Atributo MFT que guarda um dos nomes do arquivo mais uma cópia interna de seus timestamps. O NTFS atualiza esses menos vezes que $STANDARD_INFORMATION, e é por isso que a comparação SI vs FN detecta timestomping.

$J

O fluxo de dados de $UsnJrnl que guarda os registros reais do journal. O fluxo companheiro $Max carrega apenas o dimensionamento.

$LogFile

O log transacional do NTFS, usado para recuperação após crash. Mantém imagens antes/depois das gravações de metadados das últimas milhares de transações. Útil para recuperação de arquivos recém-excluídos e para flagrar gravações que o journal perdeu.

$MFT

A Master File Table — o índice de cada arquivo e diretório do volume. Cada entry tem (tipicamente) 1024 bytes e contém atributos incluindo $STANDARD_INFORMATION, um ou mais $FILE_NAME e os data runs.

$STANDARD_INFORMATION

Atributo MFT que guarda os timestamps visíveis ao usuário e os atributos básicos. Os valores que a maioria das ferramentas e APIs lê e escreve — incluindo ferramentas de timestomping.

$UsnJrnl

O arquivo de metadados NTFS em \$Extend\$UsnJrnl que possui os fluxos do journal.

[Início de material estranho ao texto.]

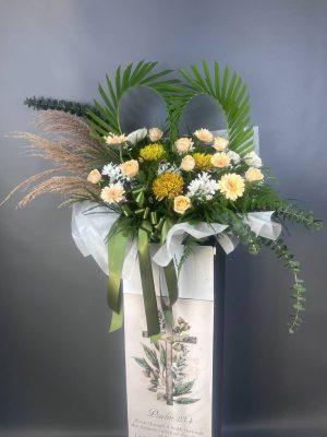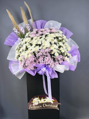 Chinese Funeral, Christian Funeral, Chrysanthemum, Condolences Flowers & Fruits Arrangement, Hindu Funeral, Mathiola, Muslim Funeral, Pom

Alternate Data Stream (ADS)

Um segundo (ou N-ésimo) fluxo de dados nomeado em um arquivo NTFS. $UsnJrnl:$J é um; o Zone.Identifier posto por navegadores em downloads é outro. Filtrar StreamChange no journal USN traz à tona a atividade ADS.

BasicInfoChange

Uma flag de razão USN emitida quando $STANDARD_INFORMATION é atualizado. Registros BasicInfoChange | Close nus — sem gravação anterior — são um forte sinal de timestomping.

Bodyfile

Um formato de texto consumido pelo mactime (The Sleuth Kit) para saída em timeline. MFTECmd, parsers USN e outros podem emitir linhas bodyfile que se fundem em uma timeline.

DataExtend / DataOverwrite

Flags de razão USN para o fluxo de dados crescendo ou sendo sobrescrito. Rajadas em massa de DataOverwrite são o sinal canônico do ransomware.

FILETIME

Um timestamp Windows: inteiro sem sinal de 64 bits de ticks de 100 nanossegundos desde 1601-01-01 UTC. Veja o post FILETIME para receitas de conversão.

FileReferenceNumber

Um número de entry MFT combinado a um número de sequência, empacotado em um valor de 64 bits. Rastreia um arquivo específico através da reutilização do MFT — mesma entry, sequência diferente, significa entry reciclada.

fsutil usn

A CLI suportada pela Microsoft para consultar e gerenciar o journal USN: habilitar/desabilitar, consultar tamanho, dumpar registros. Veja a referência Microsoft Learn.

hreflang

Sinal HTML/HTTP que diz aos motores de busca qual tradução de uma página servir em qual locale. Distinto do atributo lang.

MITRE ATT&CK

O framework comunitário que mapeia comportamentos adversários. Referenciamos no blog técnicas como T1486 Data Encrypted for Impact e T1074 Data Staged.

RenameOldName / RenameNewName

Flags de razão USN emitidas aos pares a cada renomeação — a metade «antes» nomeia o caminho antigo, a metade «depois» nomeia o novo. Ambos os registros compartilham o mesmo FileReferenceNumber.

Reparse point

Uma estrutura de metadados NTFS que redireciona um caminho para outro lugar — junctions, links simbólicos, pontos de montagem. Visível no journal via ReparsePointChange.

Ring buffer

O modelo de armazenamento de tamanho fixo e em ciclo do journal USN: quando o journal enche, os registros mais antigos são sobrescritos. Tamanhos padrão vão de ~10 MB em clientes a 1 GB+ em servidores.

TSK

The Sleuth Kit — a biblioteca e as ferramentas CLI open source de Brian Carrier (fls, icat, mmls…). O toolkit livre de referência para trabalho de baixo nível em filesystems.

USN

Update Sequence Number — o offset por registro dentro do journal. O campo usn de cada registro é a posição em bytes; é por isso também que o journal pode ser endereçado e seekado por USN.

Volume Shadow Copy (VSS)

O mecanismo de snapshot nativo do Windows. Snapshots podem ser montados e parseados para versões anteriores de arquivos e metadados, incluindo estados anteriores do MFT.

WebAssembly

Um formato binário portátil que roda nos navegadores em velocidade quase nativa. O módulo WASM do USN Parser tem ~105 KB e parseia 720k registros em ~1,4 s num Macbook recente.